Julia M. Dendinger-News-Bulletin photo: U.S. Rep. Steve Pearce (R-N.M.), left, presented World War II veteran Tech Sgt. Marion G. “Red” Young, center, with six medals and recognitions for his service. While Young had been awarded the commendations, they had never been presented to him. James Garley, right, the commander of the Daniel D. Fernandez Veterans of Foreign Wars Post 9676, was also on hand for the ceremony.

Approaching 90 years old, Young remembers the combat missions he flew in World War II.

And while he was awarded several decorations for his time in the Army, the Peralta resident never received the physical reminders of his service.

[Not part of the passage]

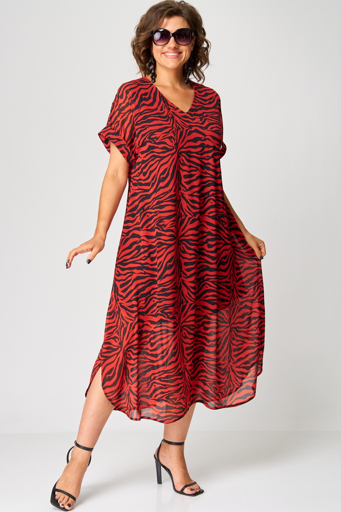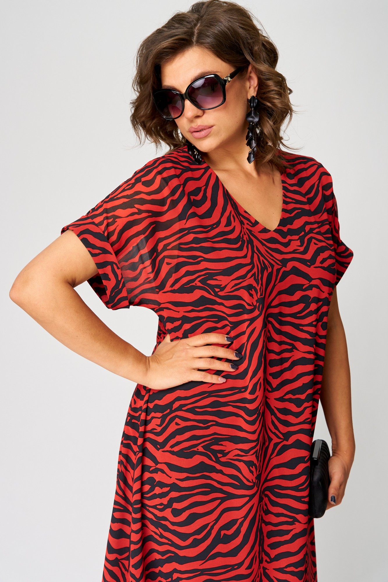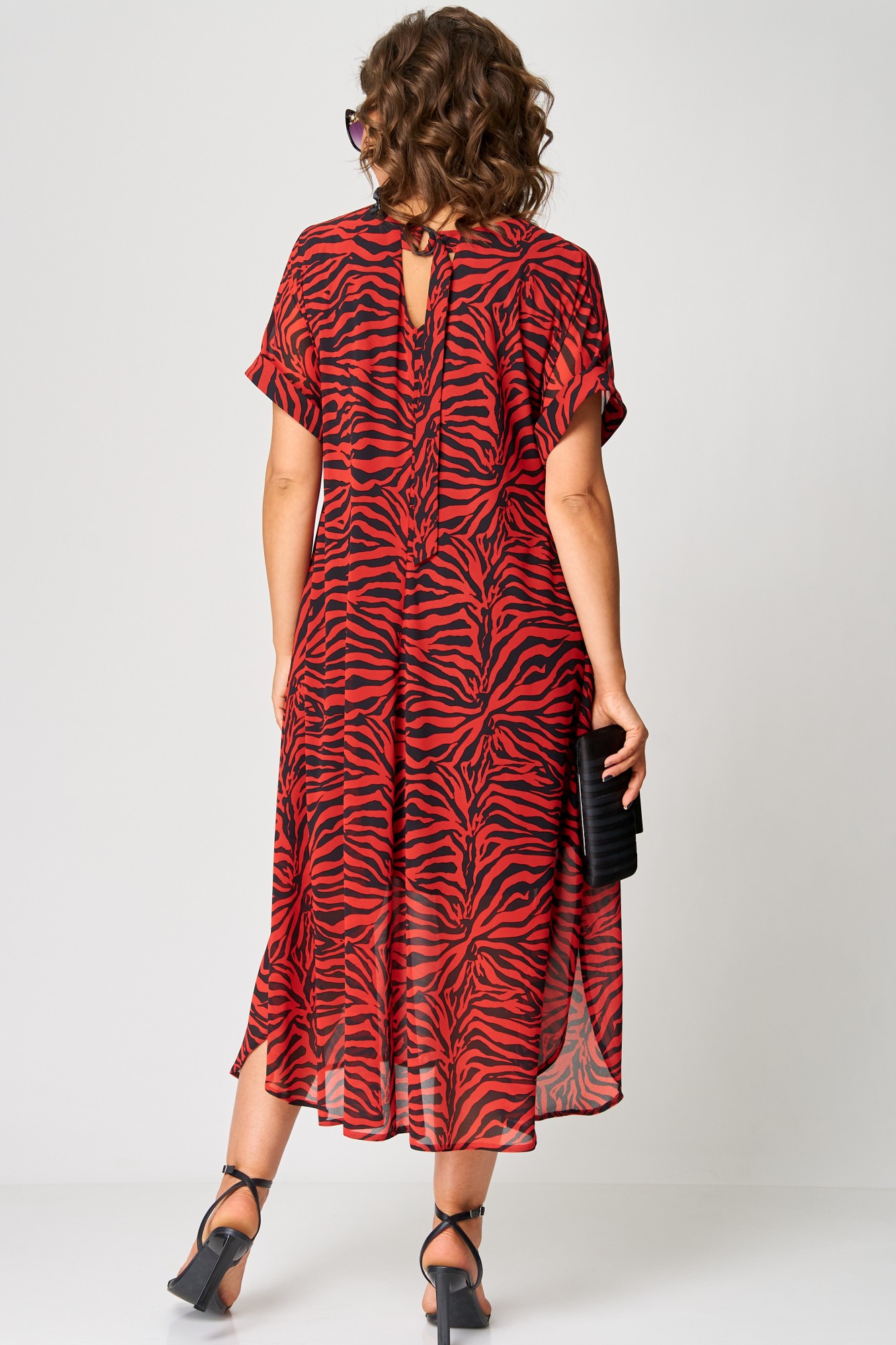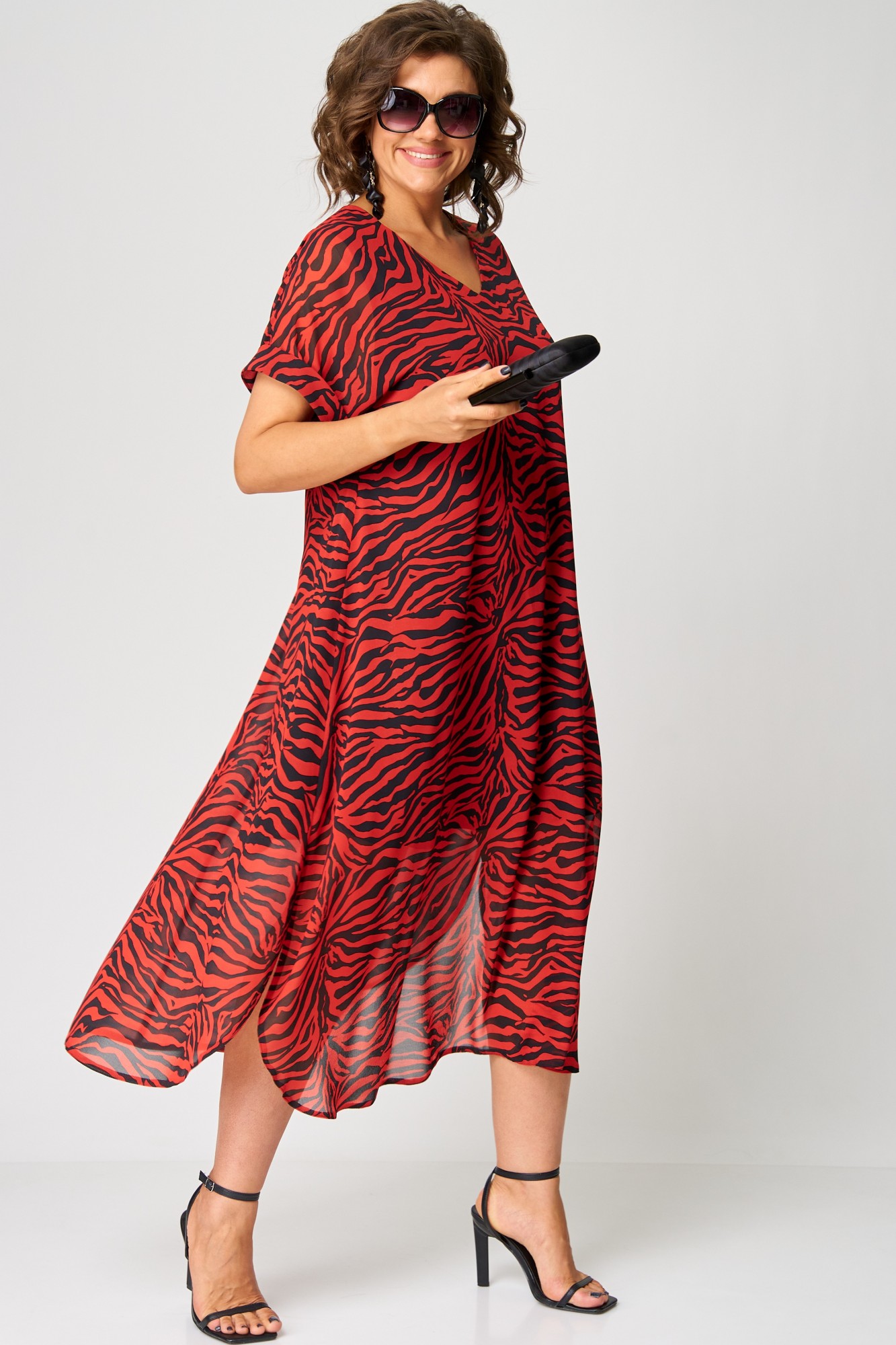 Платье женское нарядно-повседневное полуприлегающего силуэта расширенное к низу на подкладке. Выполнено из шифона. Подкладка трикотажная. Вырез горловины V-образный на обтачке, рукав спущенный по низу на притачной манжете. Низ фигурный. В боковых швах обработаны разрезы. Горловина спинки с фигурным вырезом и пряжкой. декором платья служит дизайн самой ткани.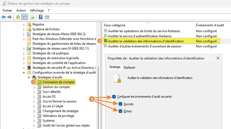 Cliquez sur "Connexion de compte", puis sur le paramètre "Auditer la validation des informations d'identification". Conformément aux bonnes pratiques de Microsoft, configurez ce paramètre. Vous devez cocher les trois cases. Parfois, il ne faudra cocher que "Succès" ou "Échec" selon les besoins.

During a brief ceremony on Saturday, U.S. Rep. Steve Pearce (R-N.M.) presented Young with six medals and recognitions. Young and his family crowded into the Daniel D. Fernandez Veterans of Foreign Wars Post 9676 in Los Lunas to see the deed done.

Young was presented with the Distinguished Flying Cross, Air Medal with 3 Oak Leaf Clusters, EAME Campaign Medal, World War II Victory Medal, Good Conduct Medal and an Honorable Service lapel button.

Pearce thanked James Garley, the post commander, for being a part of the ceremony and hosting the event at the post.

“These posts don’t run themselves,” Pearce said. “We need someone to keep the flame burning.”

Young was part of the 2523rd Army Air Forces Base Unit in Dallas and served as a radio operator and a mechanic gunner in the campaigns of Rome-Arno, southern France, air offensive Europe, air combat Balkans and north Apennines.

During a mission over Italy, Young’s plane took flak and 20 mm cannon fire. Despite being heavily damage, the plane went out over the target twice to drop its payload.

“These young men and women went out and did their duty,” Pearce said. “Even though one of every three B-17 crews were lost.”

Many of the soldiers serving during those dangerous times were awarded medals and commendations, Pearce said, but in the rush to come home, many times the decorations were awarded but never given to the person.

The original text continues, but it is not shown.